How to debug 502 Bad Gateway Error

QWhere to start debugging when my site starts displaying Nginx 502 Bad Gateway or 504 Gateway Timeout Error on some URLs — is this a problem with the web server, the database server or the site’s code perhaps?

AThis error is displayed by the Nginx server when it can’t communicate with the PHP-FPM backend in the expected time frame. If you see this error for more than a few seconds and on all visited URLs, including your Aegir control panel, this suggests a problem on the system side, but thanks to our monitoring we are already aware of it and working on a fix even before you submit a support request. However, it is very rare and usually the auto-healing can restart the PHP-FPM backend in a matter of seconds. While theoretically it could be also a result of some bug in the PHP version used, manifesting under certain circumstances, likely related to one of PHP extensions or even PHP core itself, in practice there are only a few main, possible reasons for this problem.

1If the error happens immediately but randomly and you can’t see it again after reloading the same page in the browser, then it could be just a coincidence between random page visit and PHP-FPM server reload or restart. Normally this may happen only once daily, at midnight (in the server time zone), when all services are restarted during autonomous maintenance.
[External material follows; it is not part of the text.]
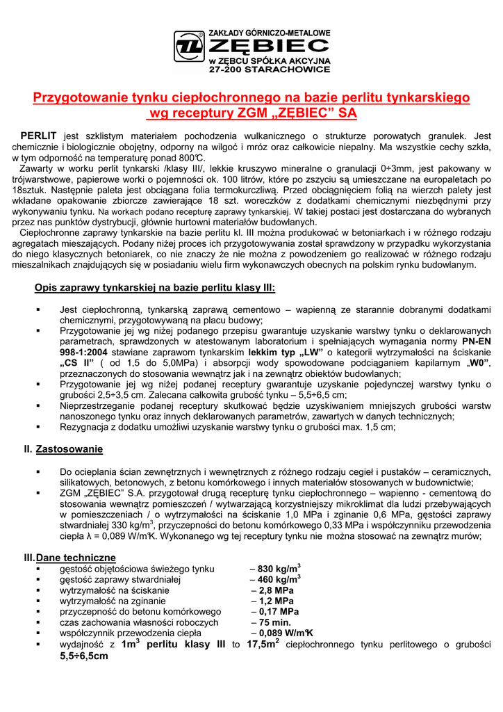 Przygotowanie tynku ciepłochronnego na bazie perlitu tynkarskiego wg receptury ZGM „ZĘBIEC” SA PERLIT jest szklistym materiałem pochodzenia wulkanicznego o strukturze porowatych granulek. Jest chemicznie i biologicznie obojętny, odporny na wilgoć i mróz oraz całkowicie niepalny. Ma wszystkie cechy szkła, w tym odporność na temperaturę ponad 800°C. Zawarty w worku perlit tynkarski /klasy III/, lekkie kruszywo mineralne o granulacji 0÷3mm, jest pakowany w trójwarstwowe, papierowe worki o pojemności ok. 100 litrów, które po zszyciu są umieszczane na europaletach po 18sztuk. Następnie paleta jest obciągana folia termokurczliwą. Przed obciągnięciem folią na wierzch palety jest wkładane opakowanie zbiorcze zawierające 18 szt. woreczków z dodatkami chemicznymi niezbędnymi przy wykonywaniu tynku. Na workach podano recepturę zaprawy tynkarskiej. W takiej postaci jest dostarczana do wybranych przez nas punktów dystrybucji, głównie hurtowni materiałów budowlanych. Ciepłochronne zaprawy tynkarskie na bazie perlitu kl. III moŜna produkować w betoniarkach i w róŜnego rodzaju agregatach mieszających. Podany niŜej proces ich przygotowywania został sprawdzony w przypadku wykorzystania do niego klasycznych betoniarek, co nie znaczy Ŝe nie moŜna z powodzeniem go realizować w róŜnego rodzaju mieszalnikach znajdujących się w posiadaniu wielu firm wykonawczych obecnych na polskim rynku budowlanym. Opis zaprawy tynkarskiej na bazie perlitu klasy III: Jest ciepłochronną, tynkarską zaprawą cementowo – wapienną ze starannie dobranymi dodatkami chemicznymi, przygotowywaną na placu budowy; Przygotowanie jej wg niŜej podanego przepisu gwarantuje uzyskanie warstwy tynku o deklarowanych parametrach, sprawdzonych w atestowanym laboratorium i spełniających wymagania normy PN-EN 998-1:2004 stawiane zaprawom tynkarskim lekkim typ „LW” o kategorii wytrzymałości na ściskanie „CS II” ( od 1,5 do 5,0MPa) i absorpcji wody spowodowane podciąganiem kapilarnym „W0”, przeznaczonych do stosowania wewnątrz jak i na zewnątrz obiektów budowlanych; Przygotowanie jej wg niŜej podanej receptury gwarantuje uzyskanie pojedynczej warstwy tynku o grubości 2,5÷3,5 cm. Zalecana całkowita grubość tynku – 5,5÷6,5 cm; Nieprzestrzeganie podanej receptury skutkować będzie uzyskiwaniem mniejszych grubości warstw nanoszonego tynku oraz innych deklarowanych parametrów, zawartych w danych technicznych; Rezygnacja z dodatku umoŜliwi uzyskanie warstwy tynku o grubości max. 1,5 cm; II. Zastosowanie Do ocieplania ścian zewnętrznych i wewnętrznych z róŜnego rodzaju cegieł i pustaków – ceramicznych, silikatowych, betonowych, z betonu komórkowego i innych materiałów stosowanych w budownictwie; ZGM „ZĘBIEC” S.A. przygotował drugą recepturę tynku ciepłochronnego – wapienno - cementową do stosowania wewnątrz pomieszczeń / wytwarzającą korzystniejszy mikroklimat dla ludzi przebywających w pomieszczeniach / o wytrzymałości na ściskanie 1,0 MPa i zginanie 0,6 MPa, gęstości zaprawy stwardniałej 330 kg/m3, przyczepności do betonu komórkowego 0,33 MPa i współczynniku przewodzenia ciepła λ = 0,089 W/m°K. Wykonanego wg tej receptury tynku nie moŜna stosować na zewnątrz murów; III. Dane techniczne gęstość objętościowa świeŜego tynku – 830 kg/m3 gęstość zaprawy stwardniałej – 460 kg/m3 wytrzymałość na ściskanie – 2,8 MPa wytrzymałość na zginanie – 1,2 MPa przyczepność do betonu komórkowego – 0,17 MPa czas zachowania własności roboczych – 75 min. współczynnik przewodzenia ciepła – 0,089 W/m°K wydajność z 1m3 perlitu klasy III to 17,5m2 ciepłochronnego tynku perlitowego o grubości 5,5÷6,5cm IV. Przygotowanie tynku Receptura tynku jest oparta na zasadzie objętościowego mieszania podstawowych składników dostępnych w handlu w papierowych workach: na jeden stulitrowy worek perlitu dajemy 2/5 worka cementu CEM I 32,5 R (10kg) oraz 1/6 worka wapna hydratyzowanego (5,0kg). Do tego pojedynczy woreczek dodatków chemicznych; wodę w ilości 40 ÷ 50 litrów dodajemy stopniowo i tyle, aby zachować właściwą „tłustą” konsystencję zaprawy umoŜliwiającą narzucenie na mur tynku o Ŝądanej grubości; V. Przygotowanie do tynkowania Przed rozpoczęciem tynkowania powierzchnie przeznaczone do nanoszenia na nie zaprawy muszą zostać oczyszczone z pozostałości zaschniętej zaprawy, betonu i innych nierówności większych niŜ 1 cm; Mur naleŜy polać wodą w ilościach odpowiednich do danego podłoŜa tak, aby przed rozpoczęciem tynkowania był właściwie zwilŜony; Na zwilŜoną powierzchnie muru nanosimy rzadką cementową obrzutkę (szpryc) w ilości 2÷3 mm. Przygotowuje się ją z cementu i piasku w proporcji wagowej 1 część cementu na 2 do 3 części piasku. Do tego dodaje się taką ilość wody, aby otrzymać konsystencję umoŜliwiającą narzucenie jej na zwilŜony wcześniej mur; Nanoszenie pierwszej warstwy tynku perlitowego moŜna rozpocząć po co najmniej 12 godz. od połoŜenia obrzutki. Obrzutka musi być szorstka i całkowicie stwardniała; VI. Tynkowanie Prace wykonywać przy temperaturze otoczenia od +5°C do +30°C; Przygotowanie zaprawy tynkarskiej: do wolnoobrotowej betoniarki wsypujemy odpowiednie ilości wapna z cementem i mieszamy ok. 1 min dodając w połowie tego okresu dodatki chemiczne; następnie wsypujemy odpowiednią ilość perlitu i mieszamy 1 do 2 min; w końcu wlewamy w trzech ratach wodę umoŜliwiającą uzyskanie właściwej konsystencji; łączny czas mieszania zawartości betoniarki z wodą nie moŜe być dłuŜszy niŜ 5 min; Przed przygotowaniem tynku naniesioną wcześniej obrzutkę intensywnie zwilŜamy wodą, zwłaszcza w okresie wysokich temperatur w ciągu dnia; Przygotowaną zaprawę nanosimy na mur poprzez mocny rzut z kielni. Grubość jednokrotnie nakładanej warstwy winna wynieść 3,0÷3,5cm. Wyrównujemy ją przy pomocy łat

The other possibility is that there were too many killed PHP-FPM processes due to segfaults (process crashes) caused by some buggy code in your site, so it triggered emergency PHP-FPM restart.

2If the error happens immediately and every time you visit some page(s) only, this clearly suggests that there is some serious problem with your site’s code loaded when you visit those pages. You have to analyze what changes you have made to your site’s code or configuration before it started to happen and revert these changes, one by one, to determine what exactly crashes the PHP-FPM backend so hard. We have seen this reported by some clients after they run the upgrade to buggy release of theme in use (usually in the admin area) or after configuring duplicate and conflicting views or menu items.

3If the error happens after waiting for the request to complete for more than 3 minutes, this simply means that your site is trying to use too much resources (usually because of waiting for some remote server to respond for too long) and hits PHP-FPM timeout limit, which closes the connection initiated by the Nginx frontend and thus everything Nginx can report is that the PHP-FPM backend “died” with the “Bad Gateway” error. In this case you need to determine which part of your site may cause this and disable it temporarily, if you will determine that the remote service it is waiting for doesn’t respond fast enough to avoid the timeout.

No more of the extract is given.